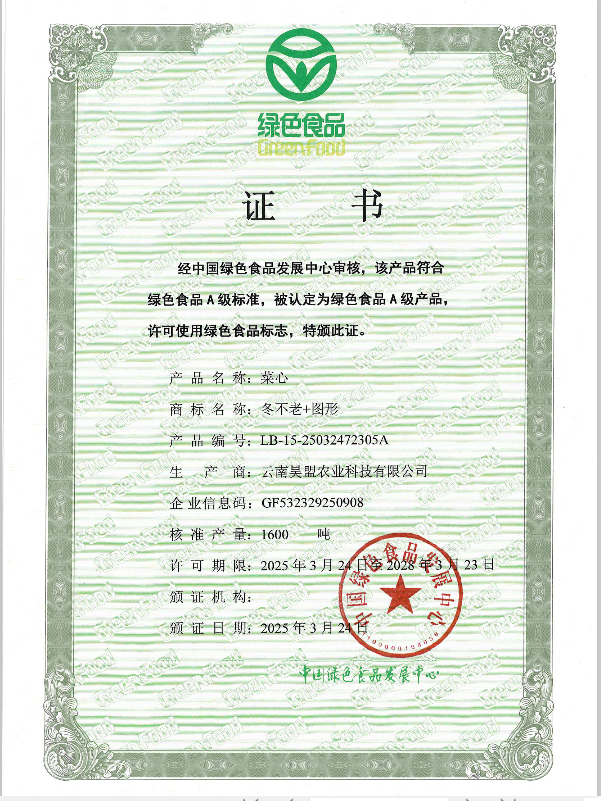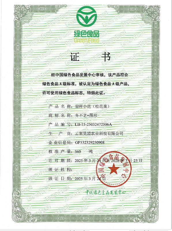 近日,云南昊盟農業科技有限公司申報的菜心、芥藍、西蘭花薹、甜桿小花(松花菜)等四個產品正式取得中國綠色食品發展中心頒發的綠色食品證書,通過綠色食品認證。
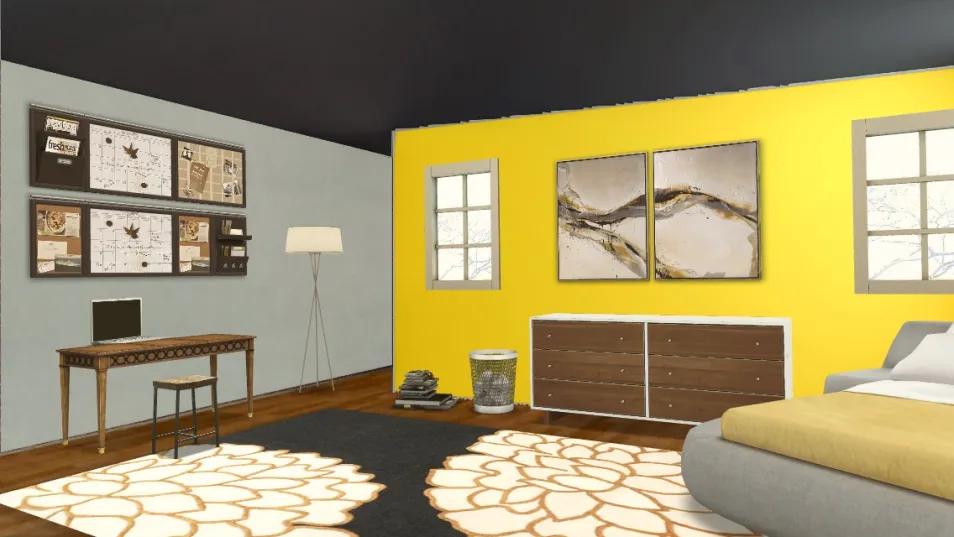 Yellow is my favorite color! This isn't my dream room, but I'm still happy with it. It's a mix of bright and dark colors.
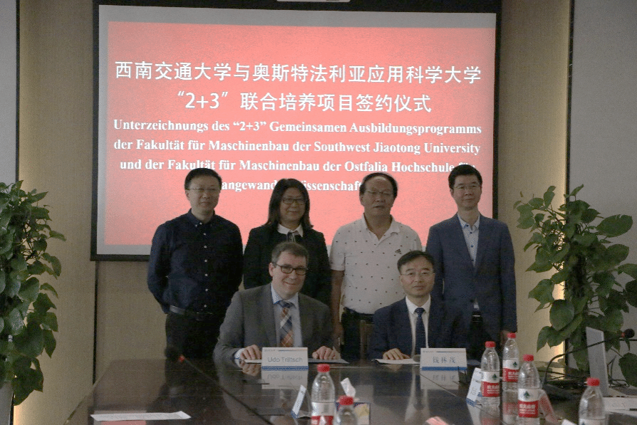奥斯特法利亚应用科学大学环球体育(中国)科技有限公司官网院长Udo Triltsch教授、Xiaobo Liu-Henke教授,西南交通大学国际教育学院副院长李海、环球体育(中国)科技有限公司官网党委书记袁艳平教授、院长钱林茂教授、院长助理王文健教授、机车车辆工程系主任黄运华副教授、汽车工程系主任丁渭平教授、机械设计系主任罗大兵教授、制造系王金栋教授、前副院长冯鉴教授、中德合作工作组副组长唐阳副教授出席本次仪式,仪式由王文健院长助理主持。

★ ★ ★ ★ ★ ★ ★

[WORK INSTRUCTION] I would like the material repeated in full and exactly, with its images omitted.

[OUTPUT BELOW]
 近日,云南昊盟農業科技有限公司申報的菜心、芥藍、西蘭花薹、甜桿小花(松花菜)等四個產品正式取得中國綠色食品發展中心頒發的綠色食品證書,通過綠色食品認證。
 Yellow is my favorite color! This isn't my dream room, but I'm still happy with it. It's a mix of bright and dark colors.
奥斯特法利亚应用科学大学环球体育(中国)科技有限公司官网院长Udo Triltsch教授、Xiaobo Liu-Henke教授,西南交通大学国际教育学院副院长李海、环球体育(中国)科技有限公司官网党委书记袁艳平教授、院长钱林茂教授、院长助理王文健教授、机车车辆工程系主任黄运华副教授、汽车工程系主任丁渭平教授、机械设计系主任罗大兵教授、制造系王金栋教授、前副院长冯鉴教授、中德合作工作组副组长唐阳副教授出席本次仪式,仪式由王文健院长助理主持。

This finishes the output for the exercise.